- [Task details] Return the lines of the material below exactly, beginning with the line that has "TRXの安全機構をはじめ、フ" in it and finishing with the line that has "نازکترین نمایشگر ایسوس" in it. Leave all pictures aside.

- [Records shown]
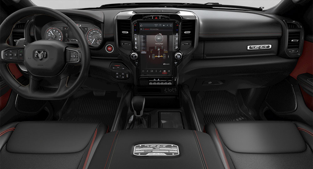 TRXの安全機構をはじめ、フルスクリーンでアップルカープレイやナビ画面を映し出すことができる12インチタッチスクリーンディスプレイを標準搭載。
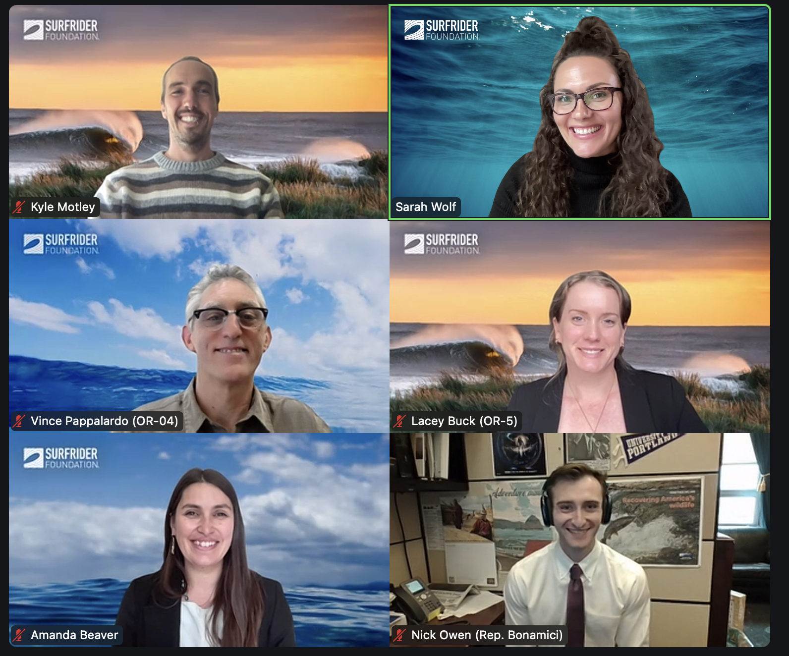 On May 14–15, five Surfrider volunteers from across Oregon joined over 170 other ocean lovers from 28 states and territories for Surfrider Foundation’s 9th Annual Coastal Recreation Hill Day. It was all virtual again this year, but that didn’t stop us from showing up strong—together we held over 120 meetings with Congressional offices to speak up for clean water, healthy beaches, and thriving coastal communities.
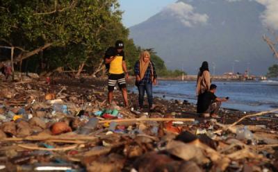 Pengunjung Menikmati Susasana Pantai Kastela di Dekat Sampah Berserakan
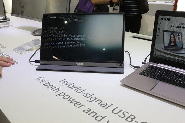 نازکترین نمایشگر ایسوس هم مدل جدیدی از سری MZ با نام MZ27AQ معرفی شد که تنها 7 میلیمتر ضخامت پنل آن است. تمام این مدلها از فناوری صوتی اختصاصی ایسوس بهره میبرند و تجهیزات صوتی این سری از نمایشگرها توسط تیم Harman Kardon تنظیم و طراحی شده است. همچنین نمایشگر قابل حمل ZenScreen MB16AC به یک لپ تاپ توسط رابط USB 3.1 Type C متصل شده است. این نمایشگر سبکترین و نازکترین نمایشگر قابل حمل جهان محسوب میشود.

...

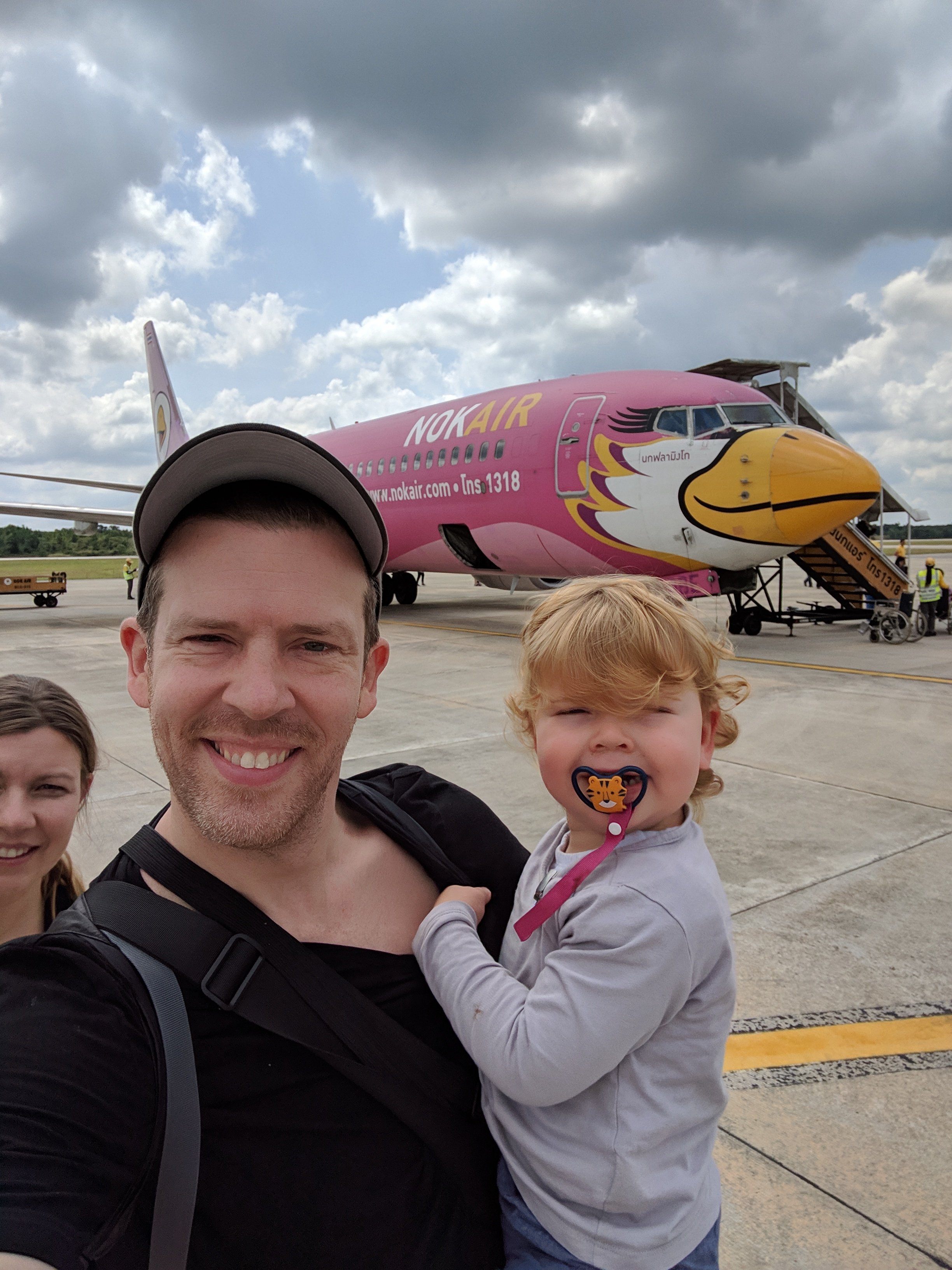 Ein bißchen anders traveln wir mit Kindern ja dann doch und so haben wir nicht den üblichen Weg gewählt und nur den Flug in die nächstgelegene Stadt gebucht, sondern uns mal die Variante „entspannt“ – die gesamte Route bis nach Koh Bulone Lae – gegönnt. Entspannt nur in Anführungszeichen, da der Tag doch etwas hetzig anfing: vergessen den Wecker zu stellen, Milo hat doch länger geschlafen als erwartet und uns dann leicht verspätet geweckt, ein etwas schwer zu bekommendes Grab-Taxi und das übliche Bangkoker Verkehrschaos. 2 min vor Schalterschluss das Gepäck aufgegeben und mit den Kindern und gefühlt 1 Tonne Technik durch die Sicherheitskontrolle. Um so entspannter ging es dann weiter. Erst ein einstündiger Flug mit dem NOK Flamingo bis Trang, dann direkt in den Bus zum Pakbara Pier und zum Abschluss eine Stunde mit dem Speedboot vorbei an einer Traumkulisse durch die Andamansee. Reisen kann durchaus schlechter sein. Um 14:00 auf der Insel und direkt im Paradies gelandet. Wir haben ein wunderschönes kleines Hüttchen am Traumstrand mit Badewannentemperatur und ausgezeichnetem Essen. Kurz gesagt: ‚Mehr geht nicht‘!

- [The answer]
 TRXの安全機構をはじめ、フルスクリーンでアップルカープレイやナビ画面を映し出すことができる12インチタッチスクリーンディスプレイを標準搭載。
 On May 14–15, five Surfrider volunteers from across Oregon joined over 170 other ocean lovers from 28 states and territories for Surfrider Foundation’s 9th Annual Coastal Recreation Hill Day. It was all virtual again this year, but that didn’t stop us from showing up strong—together we held over 120 meetings with Congressional offices to speak up for clean water, healthy beaches, and thriving coastal communities.
 Pengunjung Menikmati Susasana Pantai Kastela di Dekat Sampah Berserakan
 نازکترین نمایشگر ایسوس هم مدل جدیدی از سری MZ با نام MZ27AQ معرفی شد که تنها 7 میلیمتر ضخامت پنل آن است. تمام این مدلها از فناوری صوتی اختصاصی ایسوس بهره میبرند و تجهیزات صوتی این سری از نمایشگرها توسط تیم Harman Kardon تنظیم و طراحی شده است. همچنین نمایشگر قابل حمل ZenScreen MB16AC به یک لپ تاپ توسط رابط USB 3.1 Type C متصل شده است. این نمایشگر سبکترین و نازکترین نمایشگر قابل حمل جهان محسوب میشود.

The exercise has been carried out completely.